Chime Onyinye Hope, Arinze-Onyia Susan Uzoamaka, Ossai Edmund Ndudi
Department of Community Medicine, Enugu State University Teaching Hospital, Enugu, Nigeria.
Department of Community Medicine, Enugu State University College of Medicine, Enugu, Nigeria.
Pan Afr Med J. 2019 Dec 16;34:200. doi: 10.11604/pamj.2019.34.200.17652. eCollection 2019.
Contrary to assertions that stigma may no longer be experienced due to substantial advancement in antiretroviral access and treatment, self-stigma still exists among people living with HIV/AIDS (PLWHA) in Nigeria. The use of peer health workers to improve care in underserviced settings has been implemented by a number of programs, but its effect has not been extensively assessed. This study compared the level of self-stigma among PLWHA in peer support and non-support groups in Enugu State Nigeria.
A cross-sectional study using quantitative and qualitative instruments was conducted among PLWHA attending ARV clinics. Quantitative data was assessed using pre-tested structured interviewer-administered questionnaires. Chi-square test of statistical significance was used in the analysis. Four focus group discussions and eight key informant interviews were conducted among PLWHA and healthcare workers respectively. Manual content analysis was used to analyse the qualitative data.
Comparable proportions of respondents in peer support (31.4%) and non-peer support groups (30.2%) had self-stigma (p=0.709). Disclosure was higher among respondents in non-peer support groups (96%) against 94.5% in peer support groups (p=0.331). Health workers interviewed were of the opinion that self-stigma cuts across members of both groups. Participants in the FGD reported that the media and economic empowerment have helped reduce self-stigma among PLWHA.
Though peer support groups may be a starting place for the development of social support interventions for PLWHA, it might not be sufficient to combat self-stigma. Interventions aimed at economic empowerment of PLWHA and public enlightenment are essential for effective mitigation against self-stigma.

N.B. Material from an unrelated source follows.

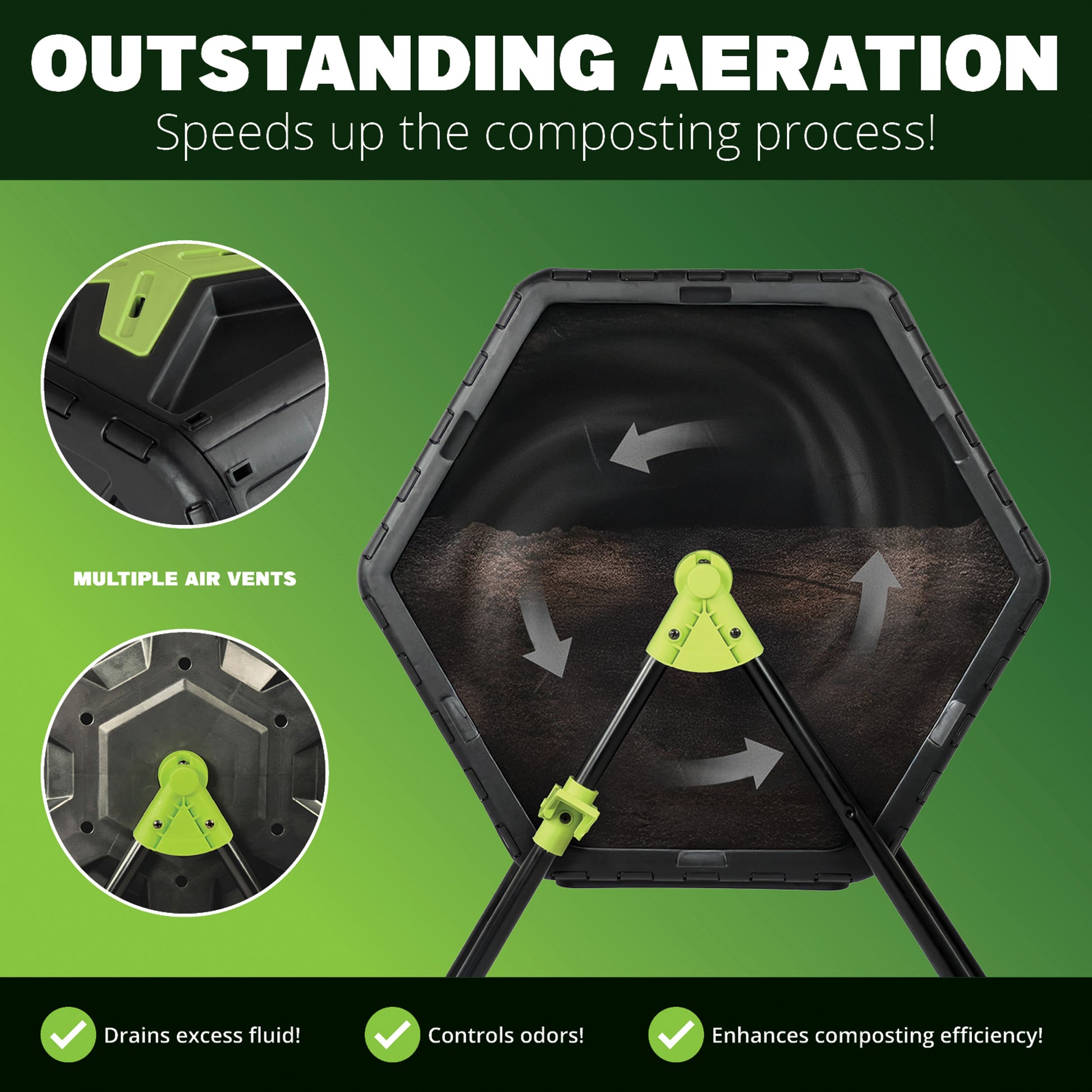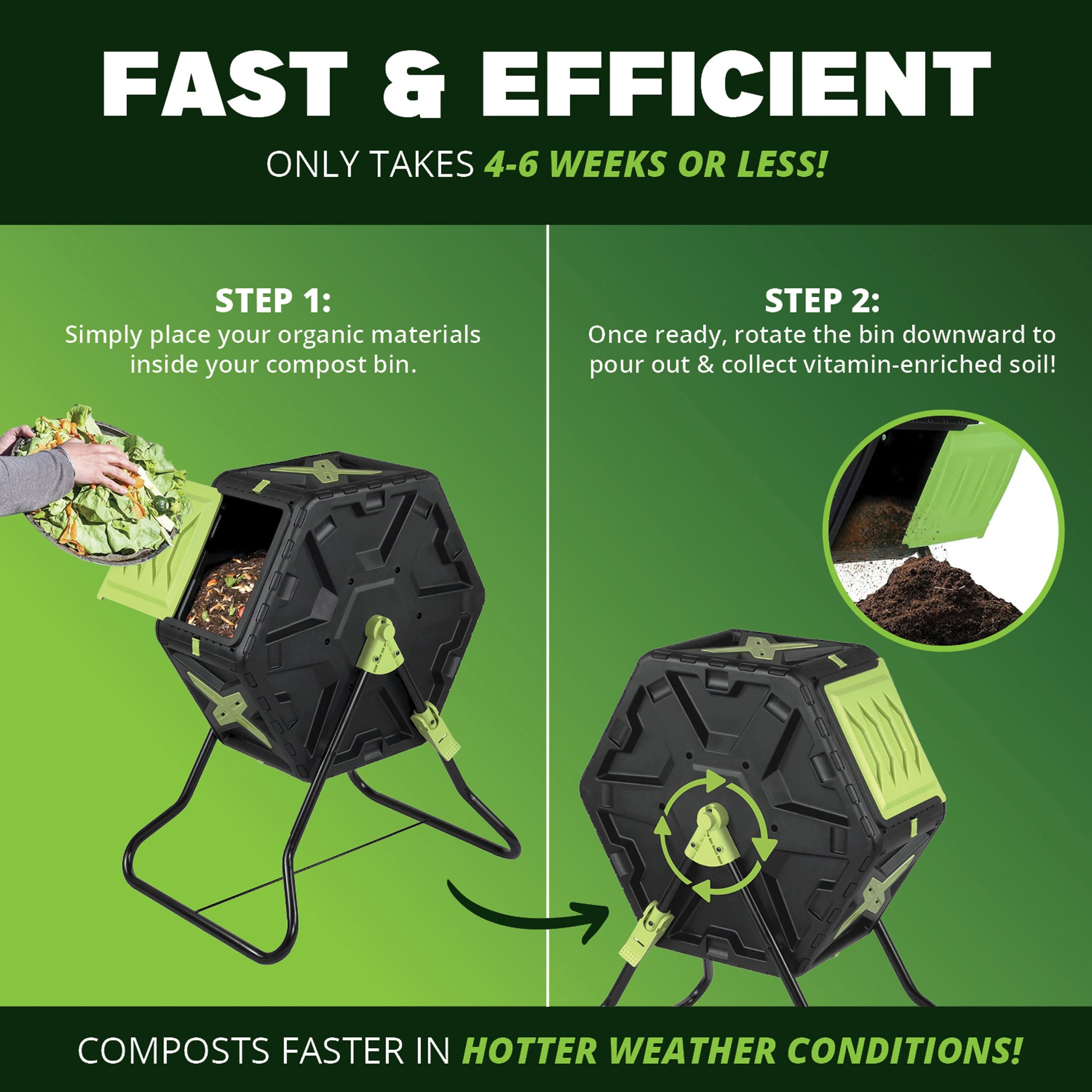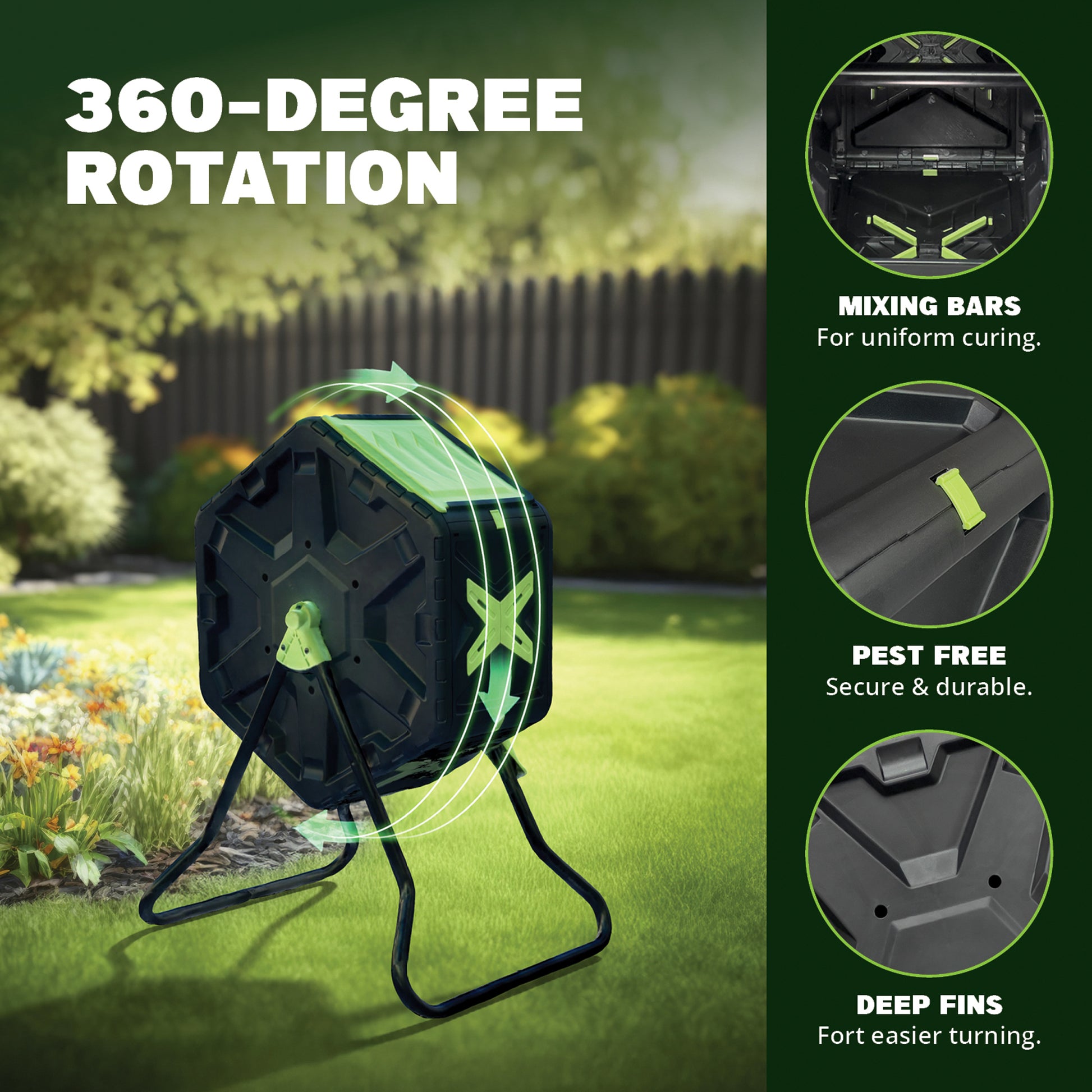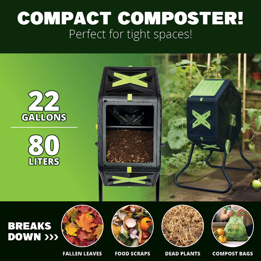 The Simply Bio Compost Tumbler Bin is a durable and eco-friendly solution for effortless composting. Made from BPA-free, UV-resistant plastic, it withstands outdoor conditions while promoting sustainable waste management. Its 22-gallon dual-chamber design allows continuous composting—add fresh waste to one side while the other cures for nutrient-rich compost. The rotating drum ensures efficient aeration and even mixing, accelerating the decomposition process. A sealed, ventilated design controls odors and prevents pests from accessing your compost. With a quick and easy 5-minute assembly, the Simply Bio Compost Tumbler makes composting simple, efficient, and mess-free.

尽管有观点认为,由于抗逆转录病毒药物的可及性和治疗取得了重大进展,污名化现象可能不再存在,但在尼日利亚,艾滋病毒/艾滋病感染者(PLWHA)中仍然存在自我污名化现象。许多项目都采用了同伴健康工作者来改善服务不足地区的护理,但尚未对其效果进行广泛评估。本研究比较了尼日利亚埃努古州同伴支持组和非支持组中艾滋病毒/艾滋病感染者的自我污名化程度。
对参加抗逆转录病毒治疗诊所的艾滋病毒/艾滋病感染者进行了一项采用定量和定性工具的横断面研究。定量数据通过预先测试的结构化访谈问卷进行评估。分析中使用了卡方检验统计显著性。分别对艾滋病毒/艾滋病感染者和医护人员进行了四次焦点小组讨论和八次关键信息访谈。采用人工内容分析法对定性数据进行分析。
同伴支持组(31.4%)和非同伴支持组(30.2%)中具有自我污名化的受访者比例相当(p = 0.709)。非同伴支持组中受访者的披露率更高(96%),而同伴支持组为94.5%(p = 0.331)。接受访谈的医护人员认为,自我污名化在两组成员中都存在。焦点小组讨论的参与者报告称,媒体和经济赋权有助于减少艾滋病毒/艾滋病感染者中的自我污名化现象。
尽管同伴支持组可能是为艾滋病毒/艾滋病感染者开展社会支持干预措施的起点,但可能不足以对抗自我污名化。旨在增强艾滋病毒/艾滋病感染者经济权能和公众启蒙的干预措施对于有效减轻自我污名化至关重要。